A movie that attempts something new or controversial is often instead deemed “risky,” but that term does not even begin to describe Closed Curtain, which also carries the risk of making a film despite being imprisoned and banned from filmmaking. Even more so than his aptly titled previous feature, Jafar Panahi’s latest work is simultaneously a cry for help and a zealous statement that, given his current living situation, filmmaking is the only thing Panahi has left.

That may sound excessive, but Closed Curtain makes more than a few references to suicide. Early on, a refugee, Melika (Maryam Moghadam) tells The Writer (co-director Kamboziya Partovi) — a fellow refugee whose house she has wandered into — “[suicide] beats living behind closed curtains like you. Suicide is your only way out.” Later, when the film begins to reflect back on itself, a recording of her that Panahi watches through his iPhone sees her tell him, “follow me” before she drowns herself, a sequence we see repeated shortly thereafter with Panahi in her place, only for the footage to be rewound as if some sort of perverse fantasy. A friend tells him that there are more things to life than work, to which he replies, “yes, but those things are foreign to me.” The art of filmmaking and the opportunities to partake in it — even during the gravest of times — is, quite literally, keeping Panahi alive.
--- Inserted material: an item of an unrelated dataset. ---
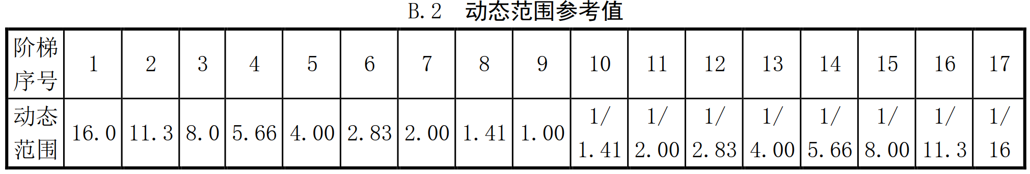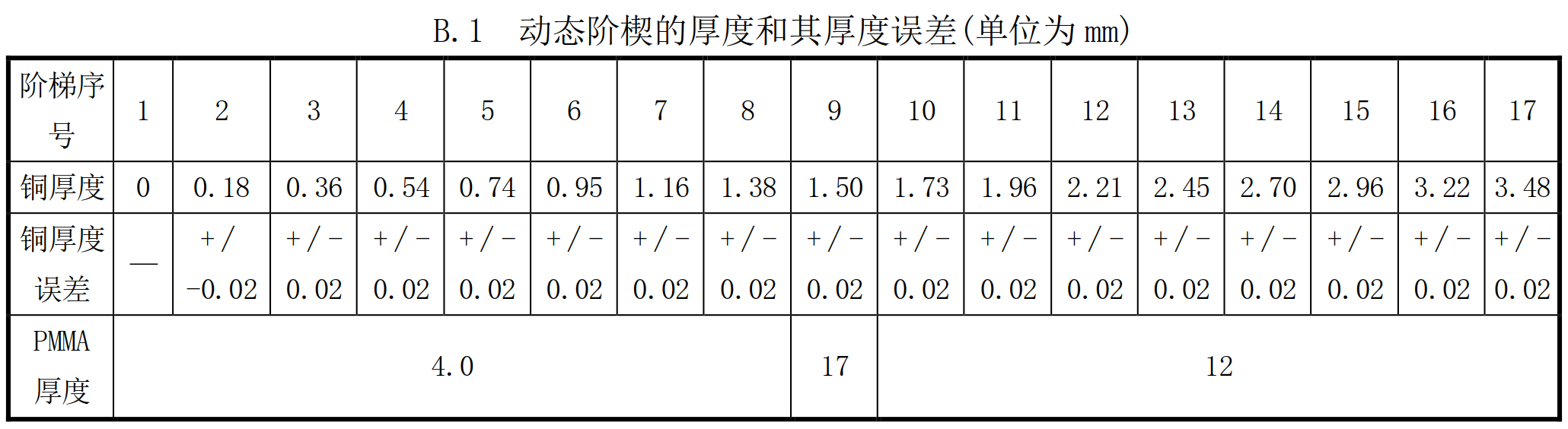 3.當(dāng) X射線管電壓設(shè)置在 75kV和使用 25mm Al 衰減體時(shí),則每一個(gè)銅階楔相對(duì)于第 9階梯的動(dòng)態(tài)范圍參考值見表 B.2。

Closed Curtain begins like it could be any arthouse film. The camera stares out the window for a couple minutes before The Writer enters, takes his pet dog out of his bag — we’ll soon see that dogs are no longer legal pets — and goes about his house. Craft is immediately on display; the shot approaches eight minutes before breaking, while the interior is a three-story architectural wonder that the camera effortlessly glides through. At the same time, we can already see Panahi crying for help: The camera can stare outside, but, like the filmmaker himself, it cannot leave; the camera is constantly in shallow focus, harkening back to the iPhone aesthetic of This Is Not a Film, in turn mirroring Panahi’s inability to truly “see” from his own prison.

Closed Curtain proceeds for more than 20 minutes before another person graces the screen, the aforementioned Melika and her brother, Reza (Hadi Saeedi), interactions between the two, again, littered with meta-text. Discussions of suicide are especially heavy considering how much of a stand-in for Panahi Partovi’s character would appear to be; Melika’s question to him about why he is writing a script when it’s impossible for someone else to turn it into a film could just as well be Panahi’s own conscience speaking to him.

But then Closed Curtain begins to venture toward an altogether stranger place. The Writer tries to replicate the events that led these refugees into his house — a mystery, as he swears he shut the door — and records it on his phone. Then Melika reappears, tears down the black curtains that keep authorities from looking in, and Panahi himself walks into the frame and begins to admire the posters of his own films that decorate the walls before covering them up again. Near the conclusion, Panahi watches The Writer’s phone recording of the recreation of the events that let the refugees in, and this time we get to see the film itself being made, as if Panahi were making that film and decided to turn the camera on himself again.

That’s exactly what must have happened: The Writer and Melika were just Panahi’s characters. Suddenly, the discussion about whether Reza was Melika’s brother or husband click into place, revealing themselves as a representation of how Panahi is trying to fill in the details of his story. Melika drowns herself, but she still creeps into the film as Panahi is unable to free his mind of his uncreated characters. That Panahi becomes the main character when the curtains are pulled down and the windows break seems to represent the intrusion and fright of reality — Panahi cannot legally make this film, and one of the men who fix the window bluntly states that he’s afraid to take a picture with him due to potential legal consequences. Melika tells The Writer that “you can’t steal reality,” explaining why the burglar’s did not take anything, but what they can steal is security and comfort, and the fact that the curtains are down and the windows are broken means that things aren’t as safe as they used to be.

Closed Curtain may get caught up in its personal statement, but intimacy is matched by density. The curtains are what keep Panahi safe, but it’s only when they’re torn down that he can see what the outside world brings. It takes a movie character to bring those down, meaning that it’s the very act of making Closed Curtain that allows Panahi a taste of the exteriors that his camera can fixate on but never enter. It’s also the act of making Closed Curtain that lends him visibility to the “reality” that could break in on him at any moment. That Melika and Reza, ostensibly movie characters, enter through the door that The Writer did not properly shut reinforces the metaphor that Panahi’s characters cannot be shut out; indeed, whenever The Writer thinks they have left, they are suddenly in the apartment again. One is the believer, the half of Panahi that keeps going, while the other is the skeptic, the other one telling him to give up. That they both are presented as characters tells us who wins.

With its auto-critique and self-referential aesthetics, Closed Curtain attempts to cure an inability to connect with the outside world precisely by recognizing that problem. As an examination of the shifting faces of doubt and bravery against political oppression, a meditation on filmmaking, and a chronicle that is at once universal and intimate, film, as an expression, has never felt so important.

Closed Curtain is currently screening at the Seattle International Film Festival.